## Posts Tagged ‘bits’

### Programming Praxis – Population Count

January 28, 2011

In today’s Programming Praxis, our task is to count the active bits in a number. Let’s get started, shall we?

Some imports:

```import Data.Bits
import Data.Word
import qualified Data.IntMap as I
```

We’ll be implementing three different versions. The first is the trivial naive one: go through all the bits and count how many are active. It works for positive and negative numbers of 32 bits or less.

```popCount1 :: Bits a => a -> Int
popCount1 n = length \$ filter (testBit n) [0..31]
```

Next is Wegner’s algorithm, which works best on sparse bit strings. It works on positive and negative numbers of any length.

```popCount2 :: Bits a => a -> Int
popCount2 = length . takeWhile (/= 0) . iterate (\n -> n .&. (n - 1))
```

Finally, there’s the lookup table version, which is faster on large numbers. Unfortunately, it doesn’t handle negative numbers.

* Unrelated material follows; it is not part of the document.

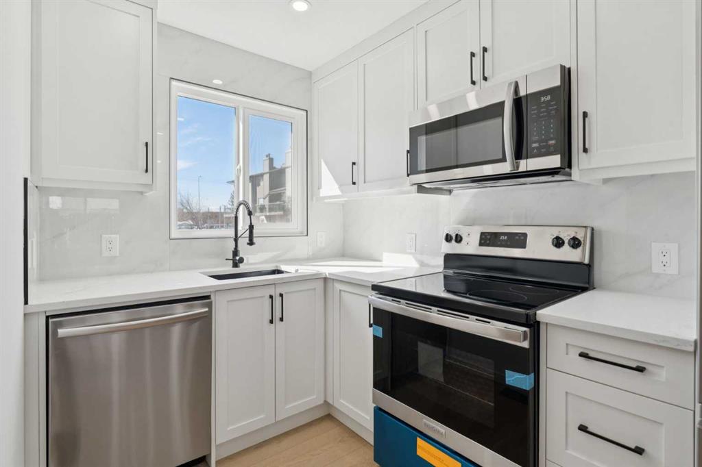Discover Townhouse 94; a fully developed and exceptionally renovated home with private outdoor space. Here are 5 things we love about this home (and we’re sure you will too): 1. A once tiered 1970’s townhome has been completely transformed into a modern and inviting space. Featuring all new windows, new LVP flooring throughout, a redesigned magazine-worthy kitchen, recessed electric fireplace, two redesigned + tiled bathrooms, custom closets and new interior doors and patio door. 2. A FLOORPLAN DESIGNED FOR REAL LIFE: As homes trend smaller and smaller Townhouse 94 is a breath of fresh air! The main floor is a showstopper with wide-plank LVP flooring and recessed electric fireplace while the kitchen-seemingly plucked from the pages of House and Home Magazine-offers 3cm quartz counters, stainless appliance package, breakfast bar and ample work/storage space. Upstairs find two well-proportioned bedrooms. The primary is nicely equipped with walk-in closet featuring custom built-ins. The cozy basement offers a large flex space which acts as a home office, media room or even a third bedroom (note, there is a closet but no window in this flex space). 3. PRIVATE BACKYARD: A rarity in the townhouse market, this home backs onto common greenspace which enhances your outdoor privacy and is complete with a private, fully fenced, backyard. The perfect place to entertain, enjoy a coffee, a cocktail or relax at the end of the day. 4. MORE THAN YOU EXPECT: This is not a simple cosmetic renovation. Every detail has been thought out here from all new windows to a high efficiency furnace with EcoBee smart thermostat, new hot water tank and all new PEX plumbing throughout the home.. 5. A CONVENIENT + CENTRAL LOCATION: Rundle is an established and centrally located community in Northeast Calgary. From Townhouse 94 you are walking distance to an abundance of amenities, shopping and restaurants at Sunridge Mall, just a 6 minute walk to the LRT station and a 5 minute drive to both Peter Lougheed and Village Square Leisure Centre a multi-purpose facility with an indoor water park, wave pool, waterslides, ice rinks, weight room, jungle gym, gymnasium along with a wide variety of activities, classes and services. Please note: Some images have been virtually staged

```popCount3 :: (Integral a, Bits a) => Int -> a -> Int
popCount3 k = sum . map ((ps I.!) . fromIntegral . (.&. (2^k - 1))) .
takeWhile (/= 0) . iterate (\n -> shiftR n k) where
ps = I.fromList \$ map (\i -> (i, popCount2 i)) [0..2^k - 1]
```

Some unit tests to see if everything is working properly:

```main :: IO ()
main = do print \$ popCount1 (23 :: Int) == 4
print \$ popCount1 (-4 :: Int) == 30
print \$ popCount1 (5 :: Word8) == 2

print \$ popCount2 (23 :: Int) == 4
print \$ popCount2 (-4 :: Int) == 30
print \$ popCount2 (5 :: Word8) == 2
print \$ popCount2 (2^200000 - 1 :: Integer) == 200000

print \$ popCount3 1 (23 :: Int) == 4
print \$ popCount3 8 (5 :: Word8) == 2
print \$ popCount3 16 (2^200000 - 1 :: Integer) == 200000
```

Yep. Though unless you’re going to be working with very large numbers I’d recommend using the second version.